Note: “During the years since Joseph had been separated from his brothers, these sons of Jacob had changed in character. Envious, turbulent, deceptive, cruel, and revengeful they had been; but now, when tested by adversity, they were shown to be unselfish, true to one another, devoted to their father, and, themselves middle-aged men, subject to his authority.” Patriarchs and Prophets, 225.
“The people of Egypt, in order to supply themselves with food during the famine, had sold to the crown their cattle and lands, and had finally bound themselves to perpetual serfdom. Joseph wisely provided for their release; he permitted them to become royal tenants, holding their lands of the king, and paying an annual tribute of one fifth of the products of their labor.

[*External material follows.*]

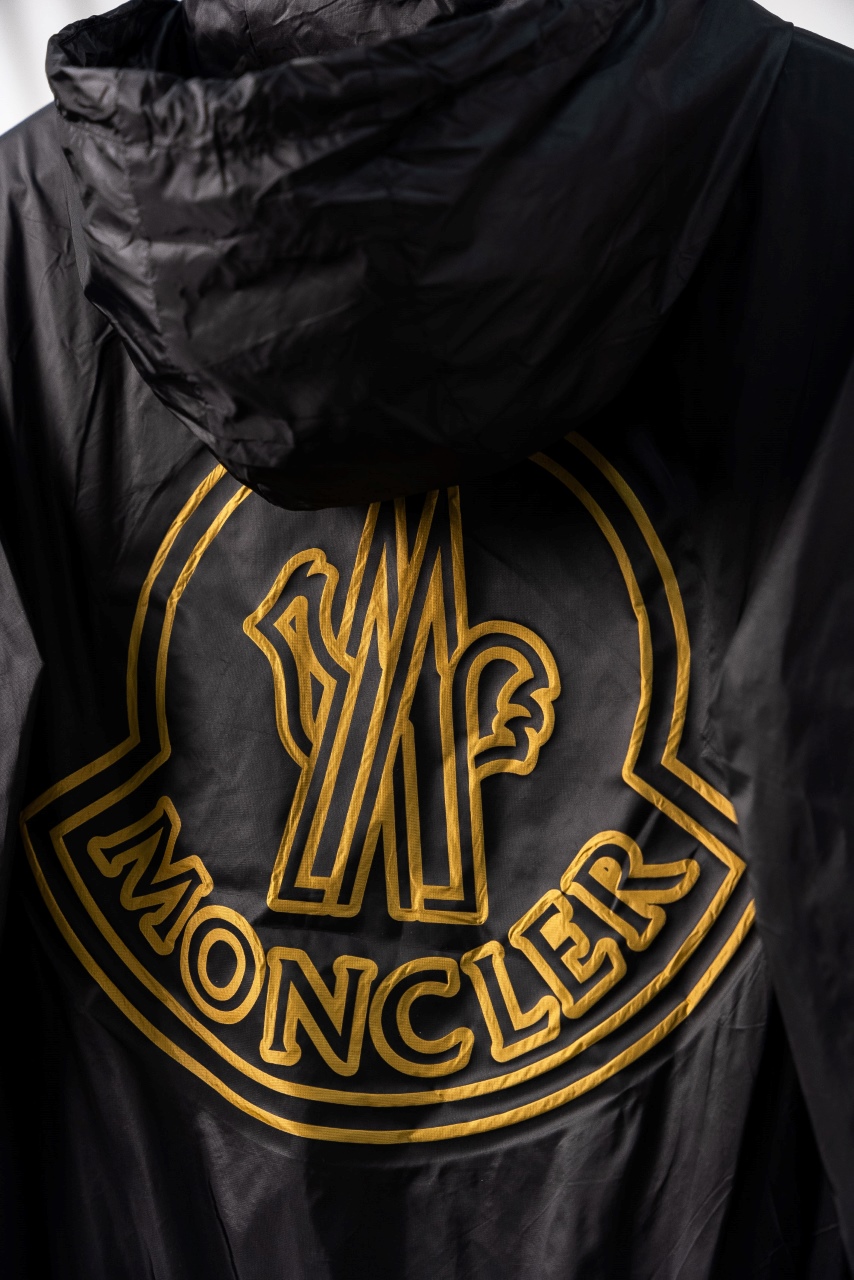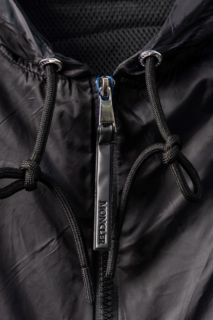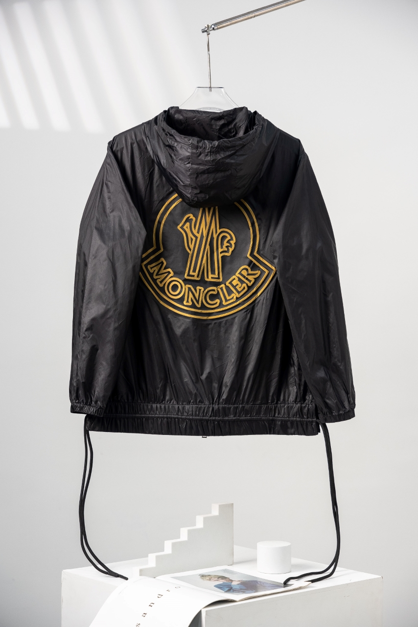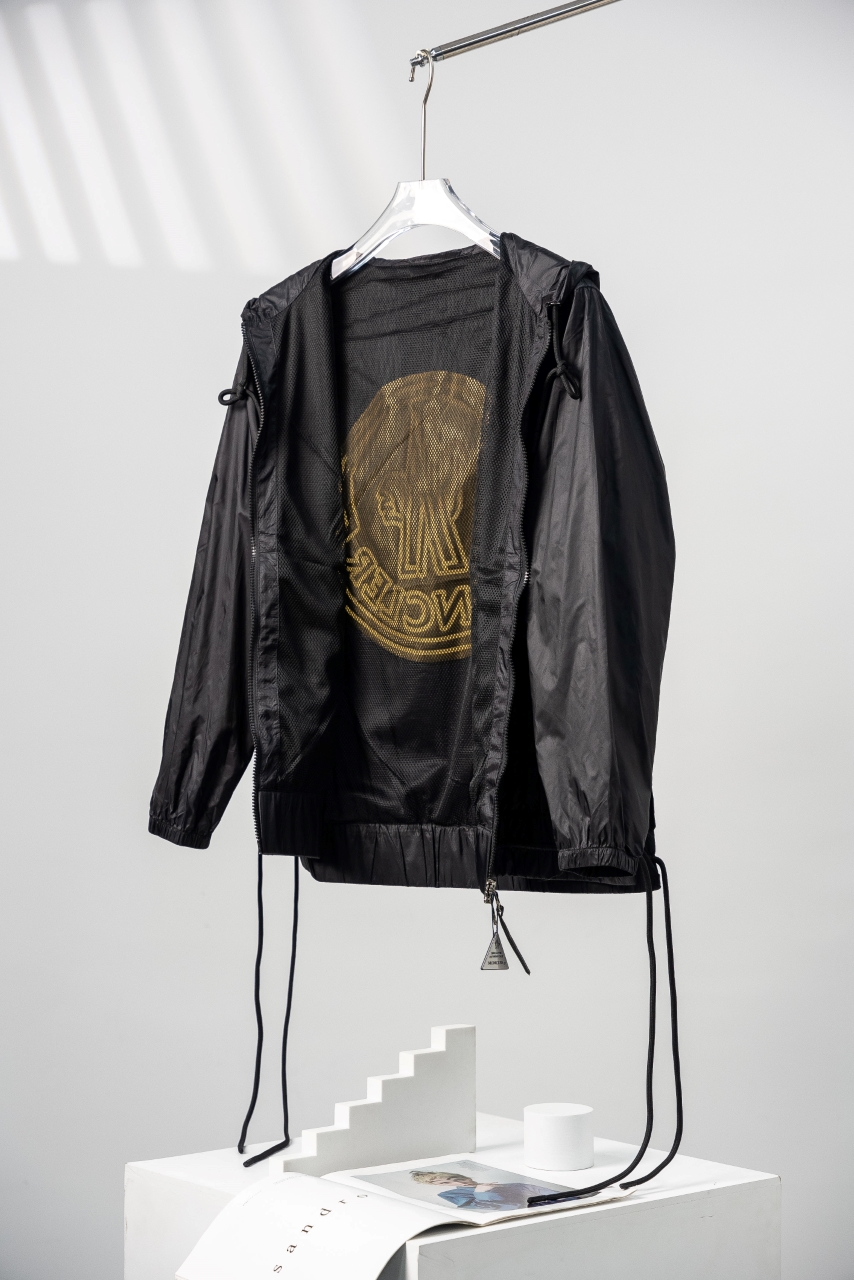 Moncler logo print sun protection jacket. Colors: Black, Rose Red. Sizes: 0, 1, 2, 3.

“But the children of Jacob were not under the necessity of making such conditions. On account of the service that Joseph had rendered the Egyptian nation, they were not only granted a part of the country as a home, but were exempted from taxation, and liberally supplied with food during the continuance of the famine. The king publicly acknowledged that it was through the merciful interposition of the God of Joseph that Egypt enjoyed plenty while other nations were perishing from famine. He saw, too, that Joseph’s management had greatly enriched the kingdom, and his gratitude surrounded the family of Jacob with royal favor.” Ibid., 241.
4 JOSEPH’S FIRST AFFECTION REVEALED
- What was the earnest desire of Joseph in behalf of his children? Hebrews 11:21.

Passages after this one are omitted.